Meg 2: The Trench brings the bigger and scarier sharks on screen worldwide following its theatrical release on August 2, 2023.

A big prehistoric shark blockbuster ends with these four words you wouldn't anticipate hearing: "A Ben Wheatley Film." And yet, Meg 2: The Trench is just that - a studio-land sensation from Down Terrace and Happy New Year filmmaker Colin Burstead.

It shouldn't come as a complete shock because he has long been a genre pioneer. He has also occasionally dabbled in more mainstream material.
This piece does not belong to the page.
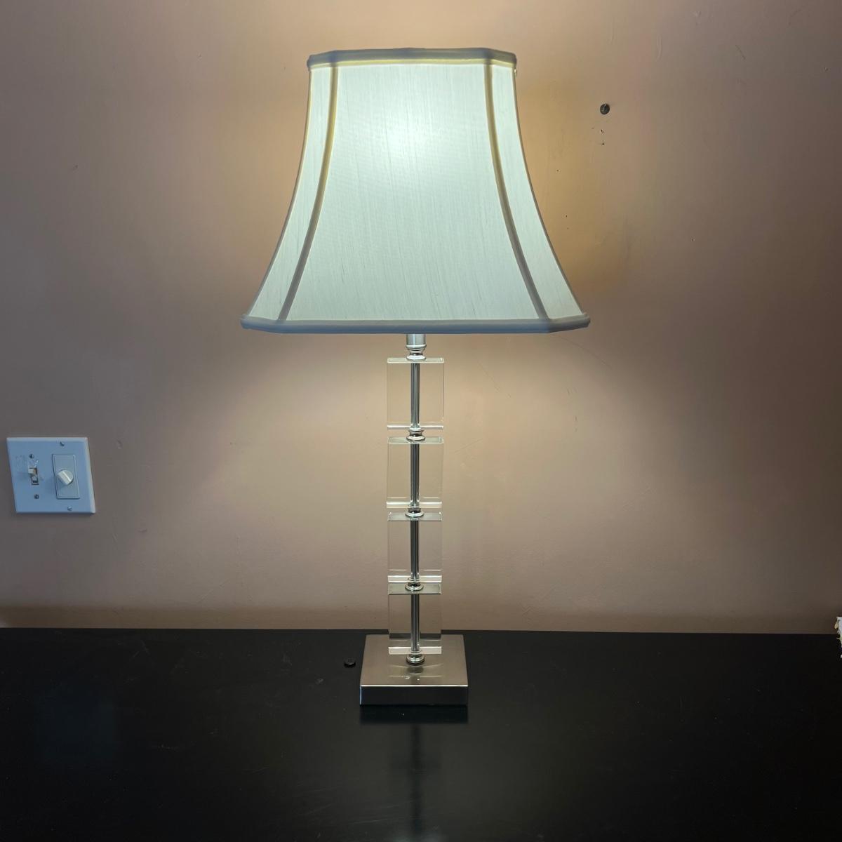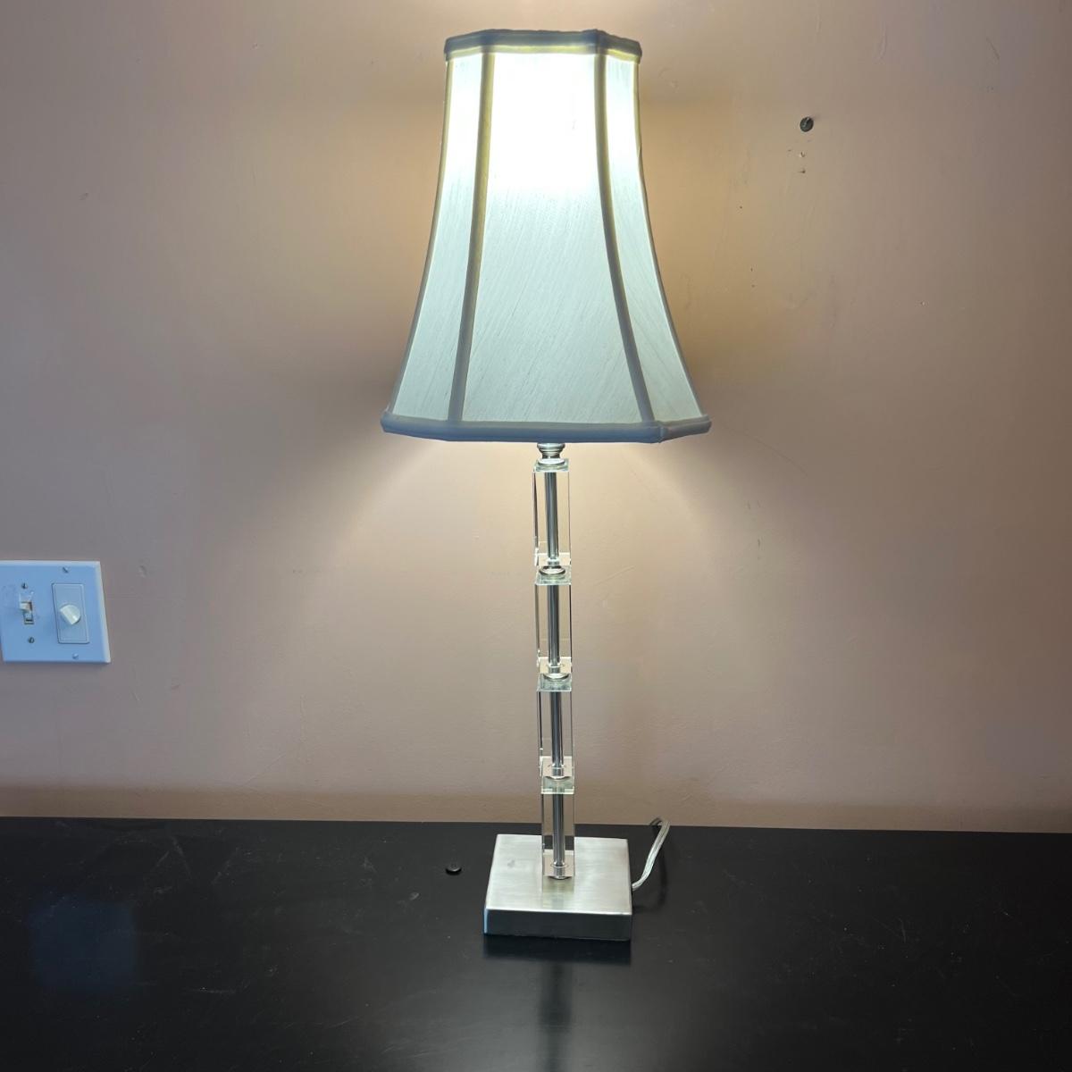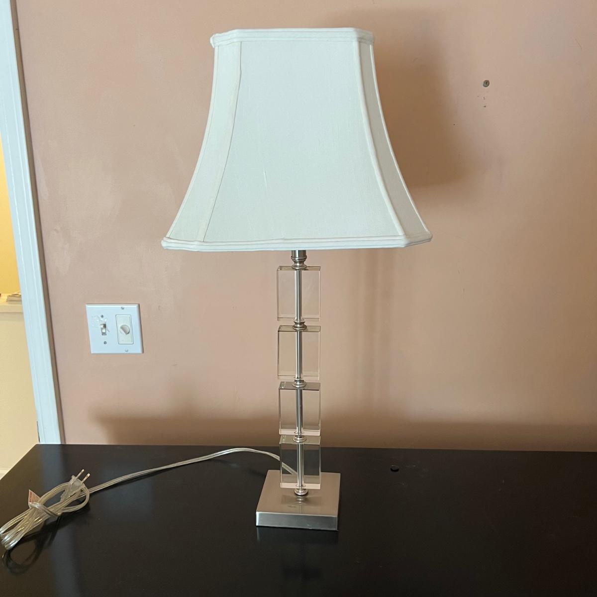 Modern table/dresser/nightstand lamp with a silver 5” square base and 4 acrylic-like cubes measures 28”H. The shade appears to be white linen. Lamp powered on when plugged in. Local Pick Up only.

Don't anticipate underwater kitchen sinkery or hallucinatory horror as Wheatley switches from In The Earth to in the sea; instead, he is savoring working with a major studio and, well, an actual budget, and he clearly intends to deliver the head, the tail, and the whole damn thing to a splashy summer crowd.
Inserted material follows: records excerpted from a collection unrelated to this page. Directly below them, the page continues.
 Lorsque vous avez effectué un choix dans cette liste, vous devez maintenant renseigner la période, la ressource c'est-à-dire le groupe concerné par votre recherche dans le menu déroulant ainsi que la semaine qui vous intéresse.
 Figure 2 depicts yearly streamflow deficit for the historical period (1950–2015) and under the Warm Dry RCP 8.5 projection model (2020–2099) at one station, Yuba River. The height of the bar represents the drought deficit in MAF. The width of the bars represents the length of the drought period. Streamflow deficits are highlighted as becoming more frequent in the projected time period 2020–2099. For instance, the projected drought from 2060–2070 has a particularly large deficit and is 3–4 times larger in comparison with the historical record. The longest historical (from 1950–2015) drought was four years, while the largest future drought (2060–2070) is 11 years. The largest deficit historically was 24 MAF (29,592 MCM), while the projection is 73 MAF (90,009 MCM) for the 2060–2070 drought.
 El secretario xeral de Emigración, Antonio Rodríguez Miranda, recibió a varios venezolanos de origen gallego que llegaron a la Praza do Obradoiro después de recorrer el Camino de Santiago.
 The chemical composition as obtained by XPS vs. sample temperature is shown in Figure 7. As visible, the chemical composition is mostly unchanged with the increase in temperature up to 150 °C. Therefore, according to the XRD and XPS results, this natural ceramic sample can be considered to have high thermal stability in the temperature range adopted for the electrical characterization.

He largely succeeds on that front. The marketing for The Meg from 2018 seems to be more in on the joke than the actual film as it's Jason Statham vs. a prehistoric shark"), but The Trench is more obviously humorous.

It gives Statham greater leeway to wink at the viewer by having him argue with parrots, use gravel-coated remarks such as "It's a Meg, you're a snack", and lean into cool-guy kiss-off lines as Jonas Taylor, the character he played in Fast and Furious 6.
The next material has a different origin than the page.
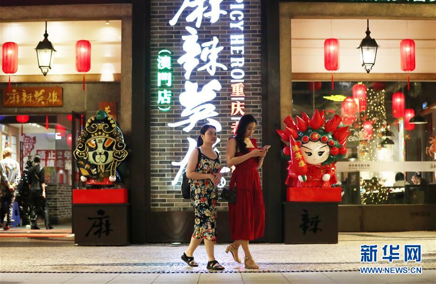 12月17日,在澳門漁人碼頭附近,人們從一家火鍋店門前經(jīng)過(guò)。新華社記者李鋼攝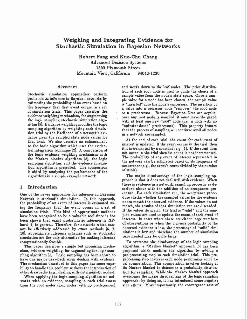 Stochastic simulation approaches perform probabilistic inference in Bayesian networks by estimating the probability of an event based on the frequency that the event occurs in a set of simulation trials. This paper describes the evidence weighting mechanism, for augmenting the logic sampling stochastic simulation algorithm [Henrion, 1986]. Evidence weighting modifies the logic sampling algorithm by weighting each simulation trial by the likelihood of a network's evidence given the sampled state node values for that trial. We also describe an enhancement to the basic algorithm which uses the evidential integration technique [Chin and Cooper, 1987]. A comparison of the basic evidence weighting mechanism with the Markov blanket algorithm [Pearl, 1987], the logic sampling algorithm, and the evidence integration algorithm is presented. The comparison is aided by analyzing the performance of the algorithms in a simple example network.

The plot is pulpier as well, with Jonas and his crew being left in The Trench, where the Megs originated, while some beasties escape to ruin beachgoers' fun on 'Fun Island.' However, Cliff Curtis and Page Kennedy, who are back, have fun. It is, to use the words of Kennedy's engineer DJ, "some dumb-ass shit" – albeit consciously so.

It could be faster, though. Before delving into the depths, there are awkward scenes to establish Chinese megastar Wu Jing as a co-lead and the uncle of Sophia Cai's returning child, Meiying.

Additionally, there is stilted, politically-motivated exposition to wade through. After arriving, the Trench itself is unimpressive, with atmospheric moodiness (the ocean floor bathed in hellish red light) occasionally evaporating into murky incoherence.

A shot from inside a Meg's mouth as it chomps victims in bulk is a highlight. Back on the surface, Wheatley prepares for a ridiculously hilarious ending that revels in unleashing toothy chaos. He gets the essentials right with effectively crunching action and well-timed jump scares.

His Meg 2 gets that this kind of movie should start with a Meg vs. T-Rex fight and end with Jason Statham riding a jet ski while brandishing a spear like a katana. Colin Burstead, it's your turn. Ben Wheatley's Meg sequel (cherish those words) overcomes a soggy narrative with joyful pulpiness, giving good summer fin, despite factors that threaten to drag it down into the depths.